# Broken tab in blue box - violation?



## mel_kissmygrits (May 22, 2010)

Will a broken off tab in a blue box be a code violation?


----------



## Jupe Blue (Nov 9, 2008)

Depends on your AHJ. At the very least, the electrical cable will need to be fastened within 8 inches of the box. It may also require that the knock-out be filled with some sort of fire caulking/barrier.


----------



## mel_kissmygrits (May 22, 2010)

Yeah, all of the wires are stapled within 6-8" of the boxes. thanks for the reply.


----------



## nap (Dec 4, 2007)

yes, it is a violation. It leaves too large of a hole in the box. On top of the electrical code issues, it also destroys the fire rating.


----------



## Thurman (Feb 9, 2009)

Only if you get caught Sir, only if you get caught.


----------



## AndyinAtl (Mar 22, 2009)

nap said:


> yes, it is a violation. It leaves too large of a hole in the box. On top of the electrical code issues, it also destroys the fire rating.





Thurman said:


> Only if you get caught Sir, only if you get caught.

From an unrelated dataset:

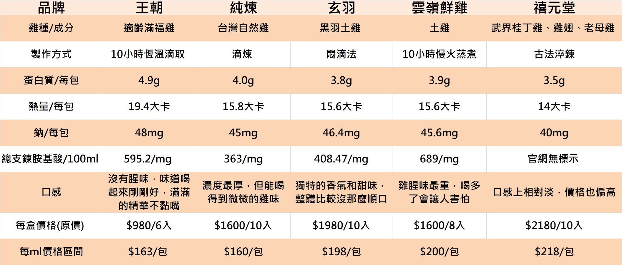 整體喝下來我最喜歡王朝常溫原味滴雞精,不管是適口性,還是蛋白質都是很符合我的需求,價位也偏中等,很適合平常保養的首選,這裡也簡單整理五款評比的表格給你們,希望有幫助到。

I agree with Thurman. Fire ratings on plastic boxes with tabs always seemed a little bit silly to me.

If I have a 12/2 and a 12/3 going into the box thru the same tab is it gonna be a little safer than if I have one 14/2?

I've yet to receive a red tag for a missing tab. I've yet to have an inspector seek one out for that matter.


----------



## nap (Dec 4, 2007)

Thurman said:


> Only if you get caught Sir, only if you get caught.


It's always a violation. Getting caught makes it a red tag fix it violation.:wink:


----------



## adpanko (Jun 18, 2009)

*Just a clarification question*

Some plastic boxes have the clamp-like closures that hold the cable coming into the box. But other plastic boxes, specifically most of the Carlon single gang boxes, have full knockouts and don't require any clamping mechanism for the cable. You just have to fasten the cable to the framing member within a few inches from the box. If you run a 14/2 cable into one of those knockout openings, more than half area of the knockout is still open, therefore an opening for flames to get through. This is not a code violation, correct? But if you have one of the other knockouts knocked out and no cable running through it, that is a violation, right?


----------



## nap (Dec 4, 2007)

depending on the size of the box, that may not be a proper method of installing the cable. In boxes 2 1/4X 4 or smaller, the cable is not required to be secured to the box. In anything larger than that, it must be.

additionally, the code gives this ambiguous direction concerning openings:

"openings through which conductors enter shall be adequately closed"

I can't find it but for some reason I remember something like you cannot have any openings greater than 1/4". I can't defend that though.


----------



## Andy-n-ATL (Apr 25, 2010)

It's weird. In commercial work it would be an unforgivable sin to install a 1900 box with an open knockout. In resi work if I have to replace an existing plastic box with another I will destroy the clamps on the box to facilitate the wires going back in w/out a twinge of guilt.

I understand the thinking about fire ratings on boxes but the way they are designed just doesn't make sense. I am a part time supervisor for Habitat for Humanity and I go into great detail explaining to the volunteers the logic behind why requiring all the holes drilled through the top plate and bottom plate of a stud wall have to be filled with a fire blocking material is so important. If a fire starts in a box due to poor wiring the way the plastic boxes are designed will not starve the fire of oxygen. What is critical is restricting the supply to just that one stud space.


----------